Let $A=(a_1,a_2)$, $B=(b_1,b_2)$, $C=(c_1,c_2)$ be the three vertices of the random triangle $T$. It is sufficient to consider the case $a_2<b_2<c_2$, which takes ${1\over6}$ of the total “volume”. Fix $a_2$, $b_2$, $c_2$ for the moment, and write
$$b_2=(1-t)a_2+t c_2,\qquad0\leq t\leq 1\ .$$ The side $AC$ of $T$ intersects the horizontal level $y=b_2$ at the point $S=(s ,b_2)$ with
$$s=s(a_1,c_1,t)=(1-t)a_1+t c_1\ .\tag{1}$$
The area $X$ of $T$ is then given by $$X={1\over2}|b_1-s|(c_2-a_2)\ .$$

We now start integrating with respect to our six variables.
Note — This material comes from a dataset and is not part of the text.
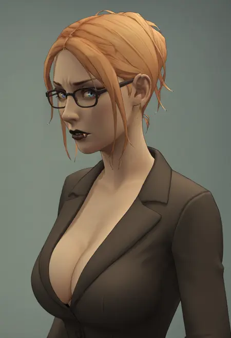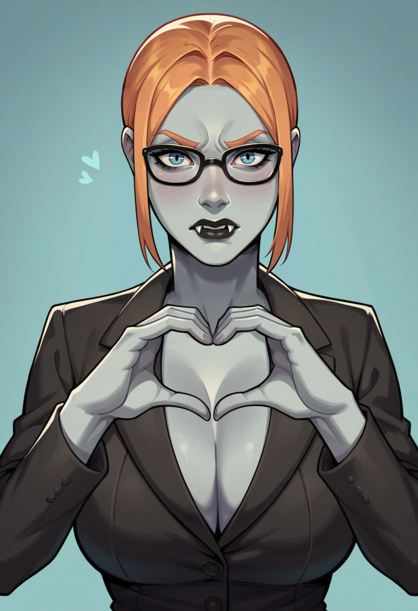 score_9, score_8_up, score_7_up, score_6_up, score_5_up, score_4_up, 1girl,lora:TheresaVoerman:0.8 solo, formal, glasses, breasts, large breasts, cleavage, suit, black-framed eyewear, looking at viewer, pencil skirt, orange hair, blue eyes, black lips, side view, small fangs, looking at viewer, embarrassed, upper body,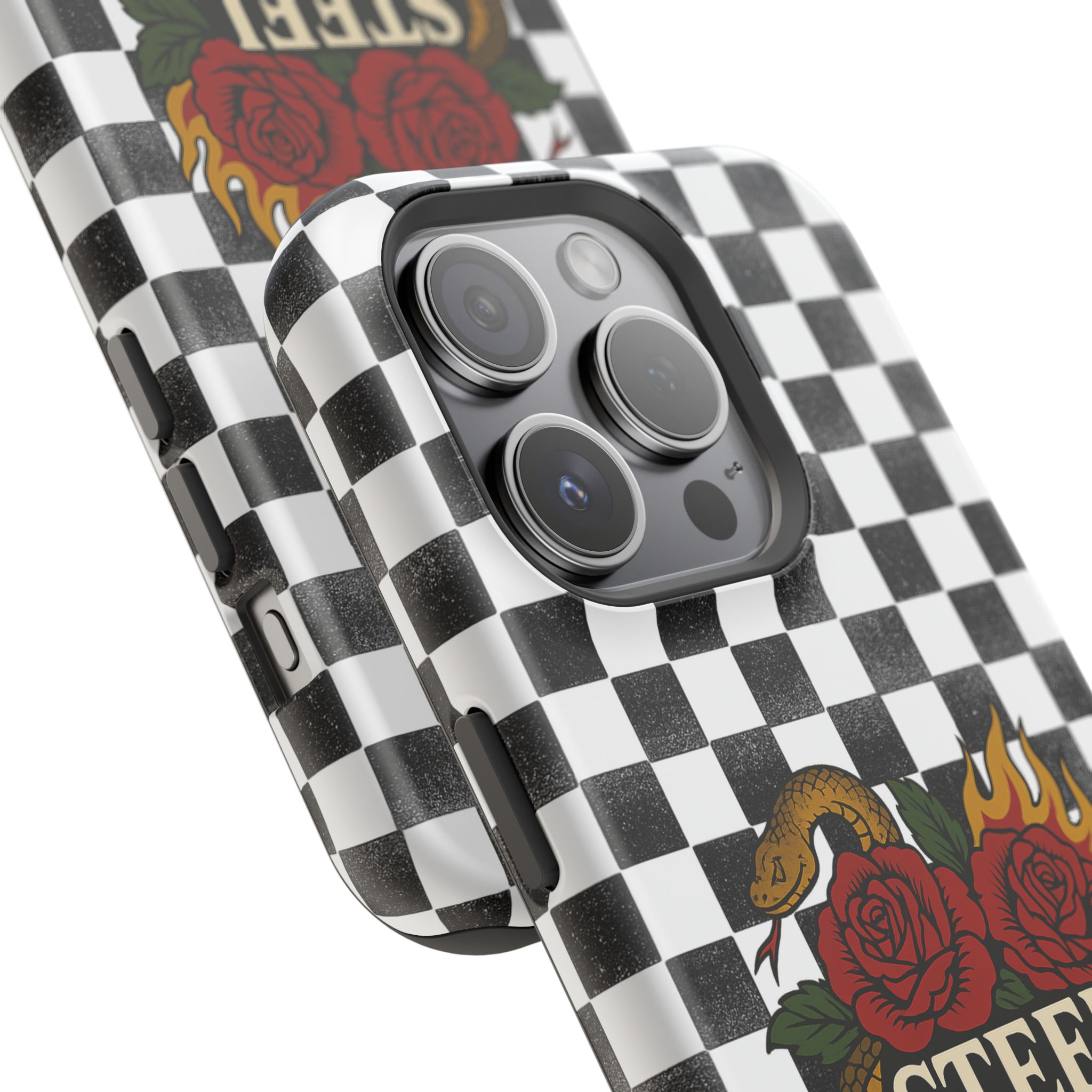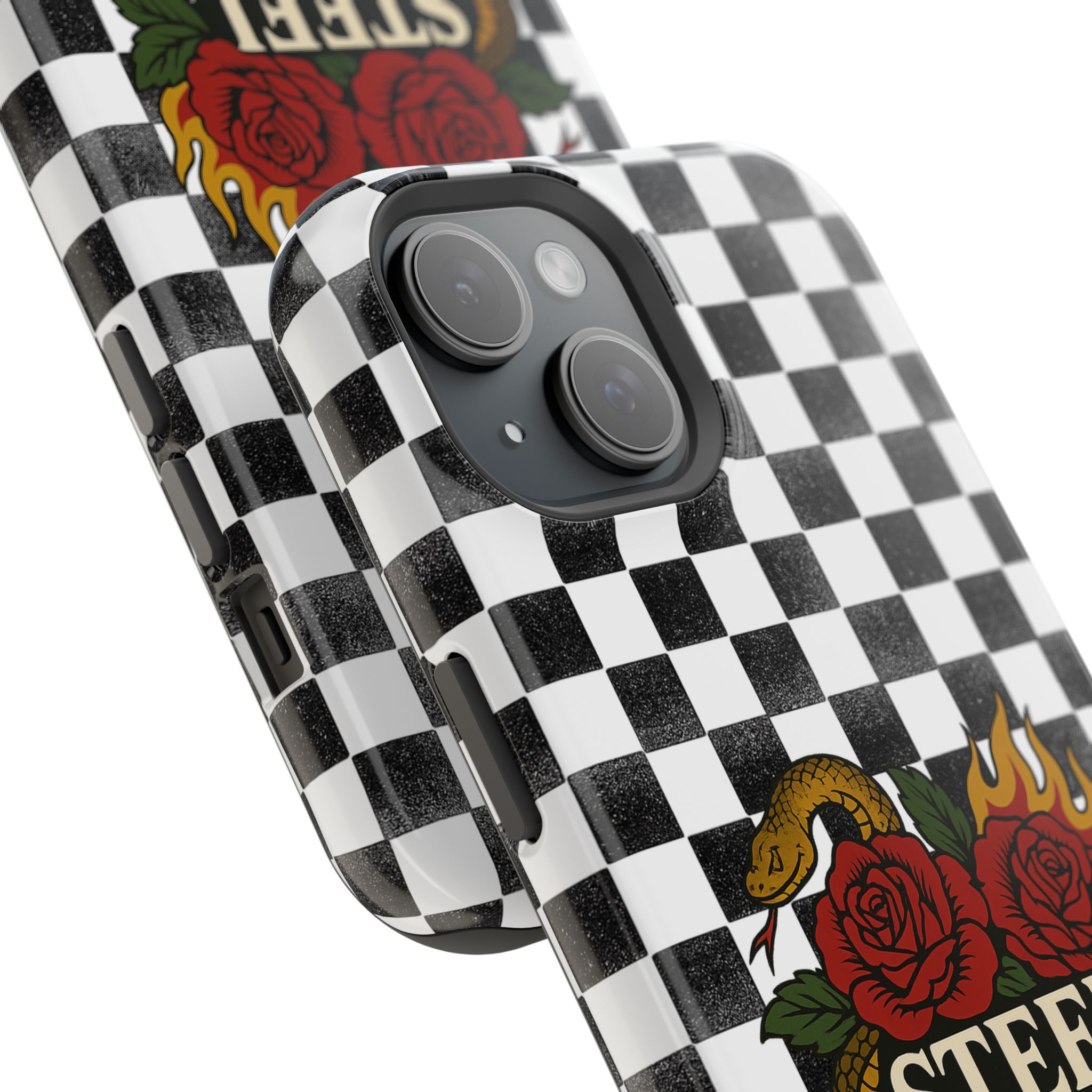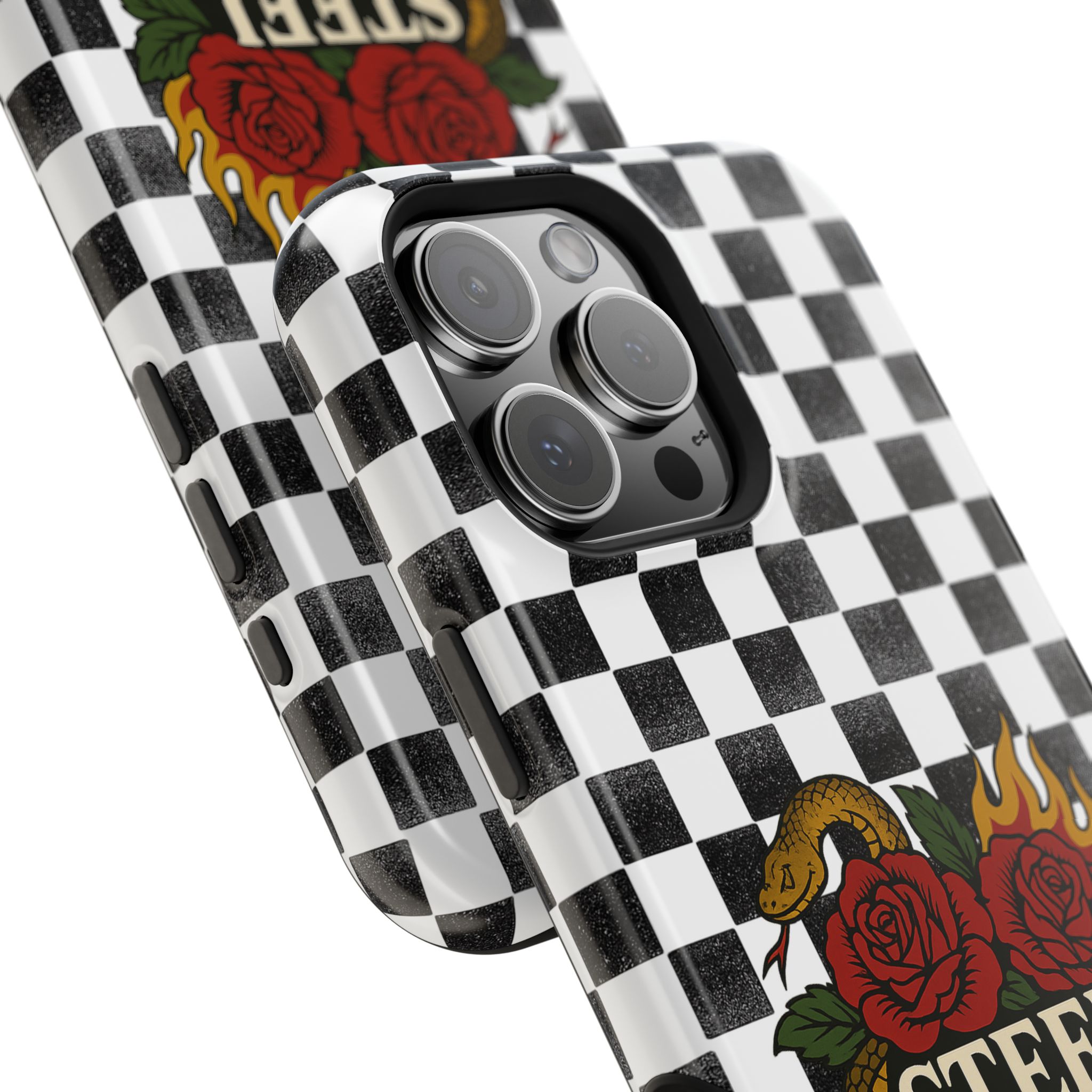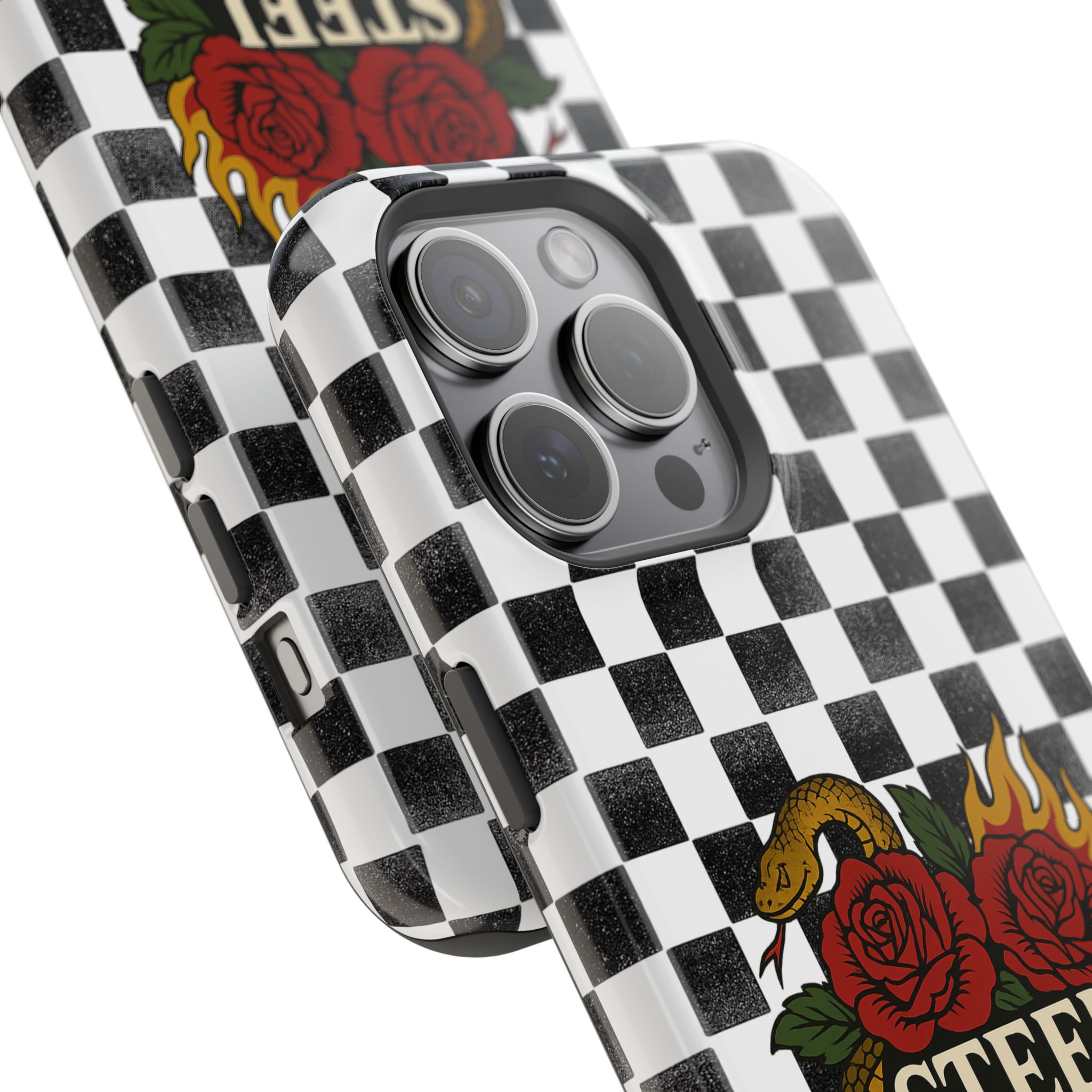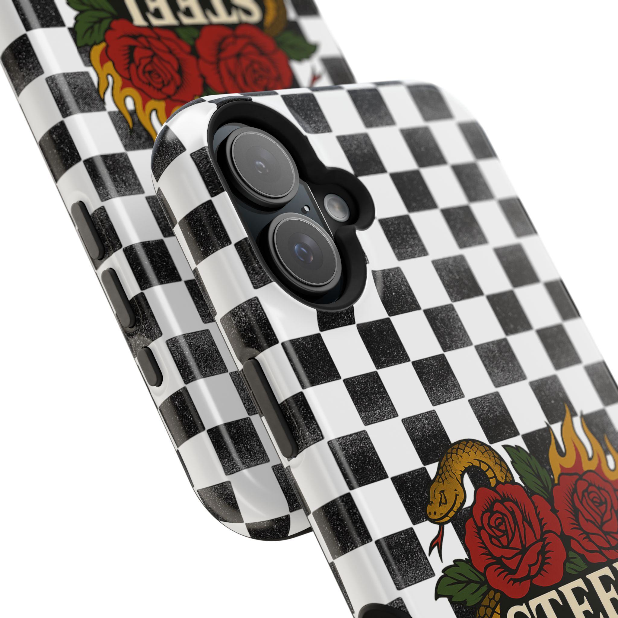 Protect your phone with attitude. The Rose Flame Phone Case features Steel Sirens’ iconic logo set against a bold black-and-white checkerboard backdrop, finished with fiery details, roses, and a venomous edge. Built for riders, rebels, and anyone who refuses to blend in, this case doesn’t just guard your phone, it makes a statement.

The innermost integral is with respect to $b_1$ and gives
$$\eqalign{X_1&:=\int_0^1 X\>db_1={1\over2}(c_2-a_2)\left(\int_0^s (s-b_1)\>db_1+\int_s^1(b_1-s)\>db_1\right)\cr &={1\over4}(c_2-a_2)(1-2s+2s^2)\ .\cr}$$
Next we integrate over $b_2$:
$$X_2:=\int_{a_2}^{c_2} X_1\>db_2={1\over4}(c_2-a_2)^2\int_0^1(1-2s+2s^2)\>dt \ ,$$
whereby $s$ is given by $(1)$, and does not depend on $a_2$ and $c_2$. It follows that from now on the integration factorizes into
$$X_3:={1\over4}\ \int_0^1\int_{a_2}^1(c_2-a_2)^2\>dc_2\> da_2\ \times\ \int_0^1\int_0^1\int_0^1 (1-2s+2s^2)\>dt\> dc_1\>da_1\ .$$
The easy computation gives
$$X_3={1\over4}\cdot{1\over12}\cdot{11\over18}={11\over 6\cdot 144}\ .$$
From this the end result is obtained after multiplying by $6$, in order to take care of the assumption $a_2<b_2<c_2$ made at the beginning. The probability in question is therefore given by ${11\over144}$, as obtained in the source quoted by the OP.